● ACTIVITY
Take the material below and output exactly the run of lines from the one containing "C. 在0到8秒内甲的速度每秒增加4米/秒 D. 在4至8秒内甲的速度都大于乙的速度" down to the one containing "В продаже 2", with both included.

● INFORMATION SUPPLIED
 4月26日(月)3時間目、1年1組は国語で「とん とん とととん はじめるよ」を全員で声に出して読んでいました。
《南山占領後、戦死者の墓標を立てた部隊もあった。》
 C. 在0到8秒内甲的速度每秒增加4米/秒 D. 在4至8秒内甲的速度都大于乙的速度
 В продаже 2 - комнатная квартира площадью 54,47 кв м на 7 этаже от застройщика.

==

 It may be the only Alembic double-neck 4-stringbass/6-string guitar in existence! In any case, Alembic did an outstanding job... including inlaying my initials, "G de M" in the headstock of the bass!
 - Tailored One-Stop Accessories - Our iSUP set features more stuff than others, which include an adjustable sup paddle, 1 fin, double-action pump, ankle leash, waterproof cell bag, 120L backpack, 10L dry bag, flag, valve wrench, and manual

● WRITTEN SOLUTION
 C. 在0到8秒内甲的速度每秒增加4米/秒 D. 在4至8秒内甲的速度都大于乙的速度
 В продаже 2 - комнатная квартира площадью 54,47 кв м на 7 этаже от застройщика.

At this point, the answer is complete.